Он написал дополнительный эпизод - для "Конюшни". Уже снималась, и никто его не просил, и никому не показал, а положил в стол - чтобы было наготове. Корреспонденту предлагают поехать со сборной в турне по Европе. Он в воодушевлении, все документы собраны, характеристики подписаны, приносит начальнику команды, который не что иное как представитель Комитета и не очень это и скрывает. Он просит корреспондента подписать бумагу о согласии во время поездки наблюдать за игроками и информировать об их моральном духе. Корреспондент, сперва с помощью демагогических уловок ("да я в таких делах лопух", "не по моим силам ответственность"), потом решительно отказывается. Тем не менее в турне его берут. Но по возвращении вызывают на Лубянку и угрожают, если он не пойдет на сотрудничество сейчас, пустить слух, основательно и убедительно разработанный, о его уже состоявшемся доносительстве как цене выезда за границу. На это он показывает сделанное непосредственно после тогдашнего разговора с начальником команды описание неудавшейся его вербовки и намекает о возможной, от него не зависящей утечке этих сведений в самиздат. Ему открыто говорят: вы понимаете, что мы можем вас и ликвидировать? Он достает из внутреннего кармана еще одну страничку предупреждение, что любой несчастный случай, который с ним произойдет, следует расценивать как расправу за отказ стать осведомителем. С припиской от руки: "Опубликовать в случае смерти или исчезновения". Прибавляет: а это, я уверен, уже находится - тоже, естественно, без моего ведома - в тамиздате, а они, я слышал, хранят такие вещи надежно.
Эпизод выглядел не очень правдоподобно, но в случае шантажа со стороны Дрягина и тех, кто за ним, мог быть им предъявлен и, по замыслу Каблукова, должен был показать, что у него есть неплохая контригра. Никаких признаков, однако, такого рода намерений с их стороны не было. Скорей с его были признаки перегревшегося воображения. Не то научно-фантастическое, не то учебное кино на материале "Хроники текущих событий": как обезопаситься от дезинформации органов. Теперь, когда он держал это в ящике стола, на душе было еще более скверно. Его кислое настроение и беспокойство передавалось Тоне. Ему в голову приходили образы вроде: он еще ухаживает за Тоней, как до женитьбы, они все время гуляют, он ступает в жижу и, хотя оттирает башмак об траву и носовым платком, который потом выбросывает в урну, и газетой, которую из нее вынимает, ощущение замаранности и запаха преследует. Вполне вероятно, его одного, Тоня этого не замечает, но ухаживать в таком состоянии невозможно, и это в нем она замечает. Или: они вместе попадают в эту жижу, проваливаются, как тогда на стройке кооператива в Измайлове, и гадко на душе, как тогда, и, как тогда, вина его.
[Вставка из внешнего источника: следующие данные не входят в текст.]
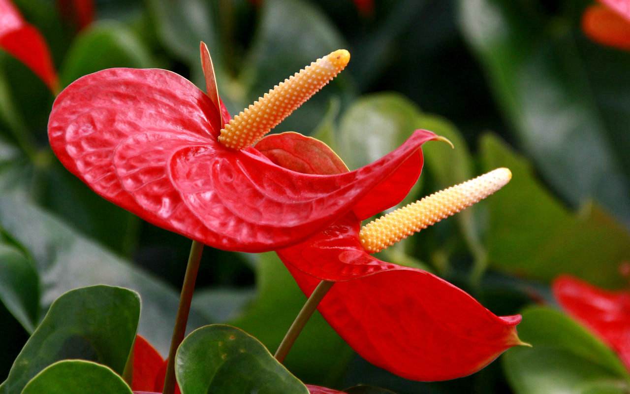 红掌的花穗整个都是黄色的,而包裹花穗的苞片则是平出,表面富有光泽,苞片的颜色有两种,一种是猩红色,一种是橙红色。这也是区别两种植物的关键。

(Возможно, мультипликация. Две фигурки: пара влюбленных. Брусок магнита, раскрашенный пополам красным и синим, наводит в обоих разом то положительный заряд, то отрицательный. "Плюс" - радость, "минус" - горе. Набрав максимум интенсивности того или другого, фигурки начинают друг от друга отталкиваться. Но любовь - влечение, поэтому если до сих пор они только держались за руки, то сейчас изо всех сил стараются притянуть один другого.)
XVI
На ленинградских проводах Феликса Калерия Филипповна, когда Каблуков с ней поздоровался, пригласила его в гости, подчеркнуто: сказала, что имеет кое о чем с ним поговорить. И лучше без Тоши, поскольку предмет потребует той прямоты высказываний, которая наиболее удобна в разговоре наедине.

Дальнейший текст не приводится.